Jennifer Windsor, executive director of Freedom
House, a nonprofit organization that promotes democracy
and political transparency, wanted to know what
the discussion’s implications were for a democracy
practitioner. Even in the non-applied fields of democratic
development and “quality of democracy,” someone
offered, researchers are often working toward a shifting
target with incomplete information. Risto Volanen, state
secretary in the Finnish Prime Minister’s Office, suggested
changing how we frame democratization. “Democracy
is a long historical process that happens in the mind of
ordinary humans,” he said. “On both sides of the Atlantic,
we misunderstand the condition of our democracies.”

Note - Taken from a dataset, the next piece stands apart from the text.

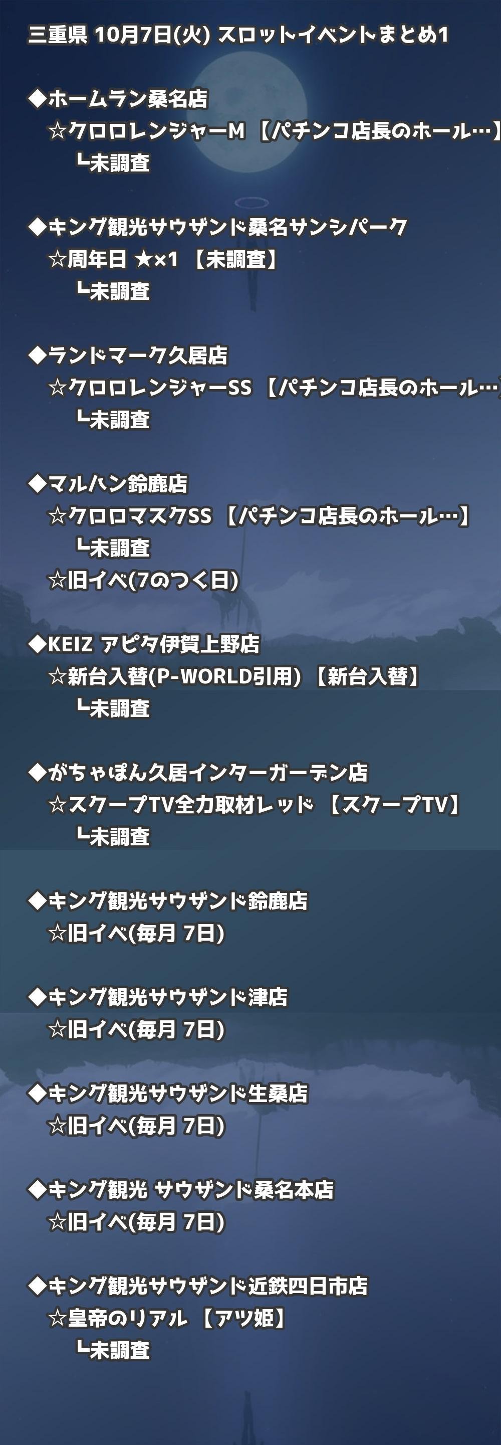 【三重県】10月7日(火) パチンコホールイベント取材まとめ記事です。

The second morning examined procedures that work
better in consolidating, rather than transitioning to,
democracy—stabilizing new democracies rather than
trying to “move countries from column A, undemocratic,
to column B, democratic,” for example. Weinstein
suggested looking at indicators of growth rather than
growth itself and trying to define a “set of different
transition paths we could imagine each country taking.”

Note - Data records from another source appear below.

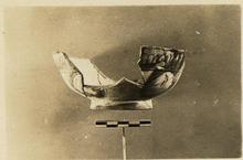 | Description: | Mended from a number of pieces. Complete circle of base, lower part of body, and part of rim preserved. Kiln-tripod marks inside. On interior, cream glaze. Exterior, designs in green and yellow. | |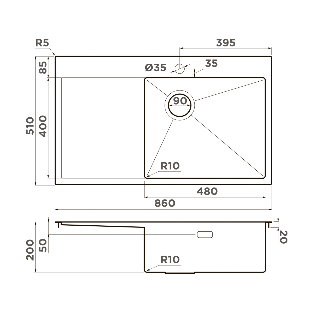 Модель Akisame 86-R Side — это одночашевая мойка из нержавеющей стали толщиной 1,2 мм, выполненная вручную по японским стандартам качества. Буква «R» означает, что чаша расположена справа, а крыло — слева, что особенно удобно для левшей или при нестандартной планировке кухни: основная зона мытья под ведущей рукой, а левое крыло служит для сушки посуды, нарезки овощей или временного хранения.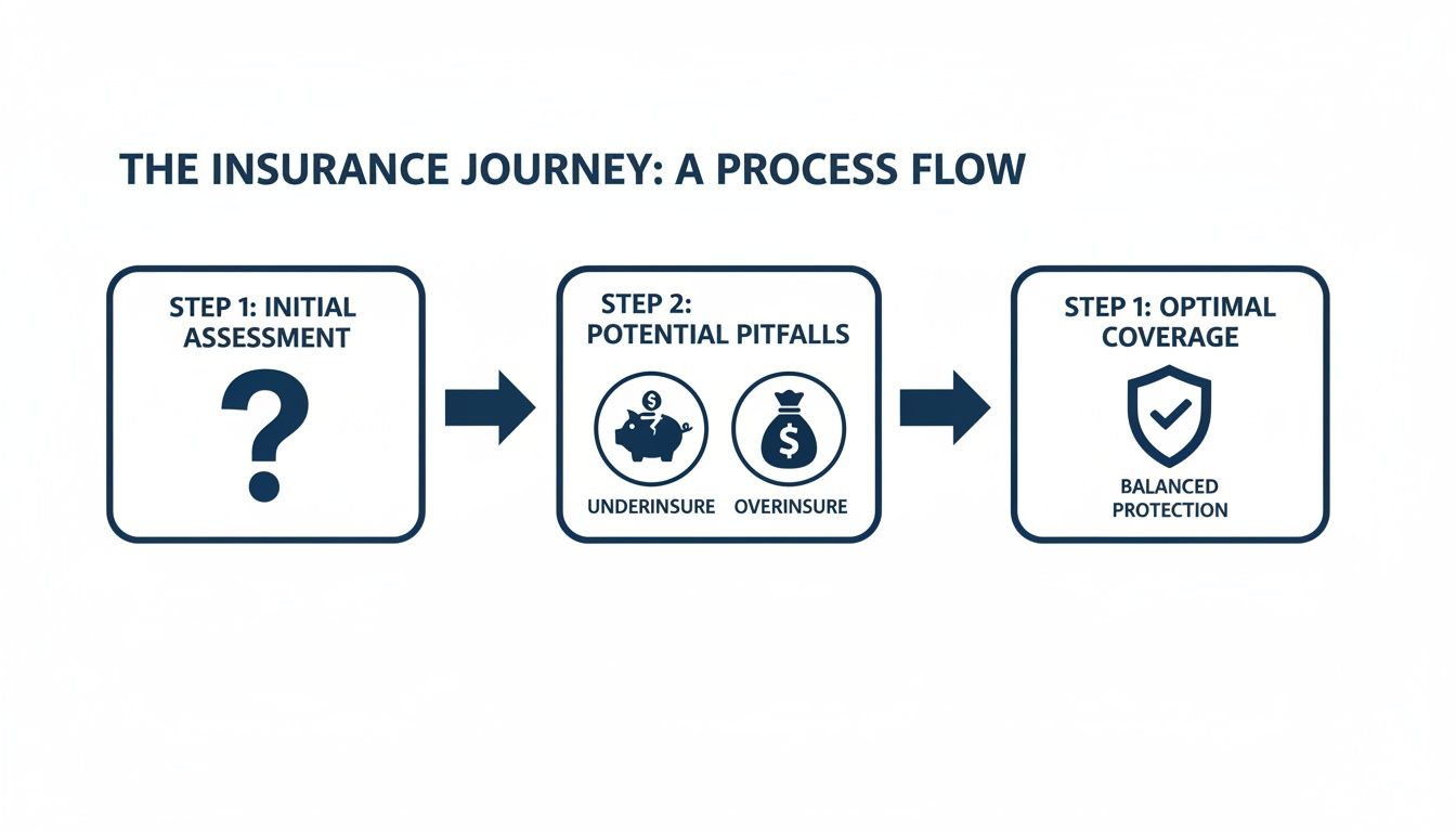 The process flow below highlights the common pitfalls of simply guessing your contents' value—a shortcut that often leads to being underinsured or even overinsured.

In the panel that followed, CDDRL democracy
program coordinator Larry Diamond and CDDRL predoctoral
fellow Amichai Magen discussed combining
democratic assistance with other forms of aid to promote
consolidation. “Beware,” Diamond told the room.
“None of this works without political will.” He draws
from experience as well as research; Diamond was
senior advisor to the Coalition Provisional Authority in
Iraq, perhaps one of the highest-profile experiments in
democracy intervention this decade.
While participants disagreed on specific, ground-level
dynamics of democratic development, a few points of
consensus broadly took shape. Most people in the room
—scholars, policymakers, and practitioners alike—
recognized the need to have realistic expectations and
to take a long view of democratization. Another area of
agreement was that intervention seemed to work best in
countries where internal forces are already moving.
Finally, a precondition for new democracies seemed
to be the development of the “democratic mind”—a
democratic culture marked by a robust and engaged
civil society. “Mobilize democracy as a feminist movement
and you mobilize half the population worldwide,”
Volanen pointed out. “It is the same for farmers.”
Kathryn Stoner, CDDRL associate director
for research, moderated the first of two roundtables
that concluded the conference. Seeking consensus on
factors at work in democratization, many in the room
realized just how elusive a precise set of guidelines for
democracy assistance and intervention actually was.
But there are many more months left on the CEUDAP
project timetable and many more angles to come at
the issue from.
“This is not physics,” Diamond said. “It’s virtually
impossible to control for all forms of data.”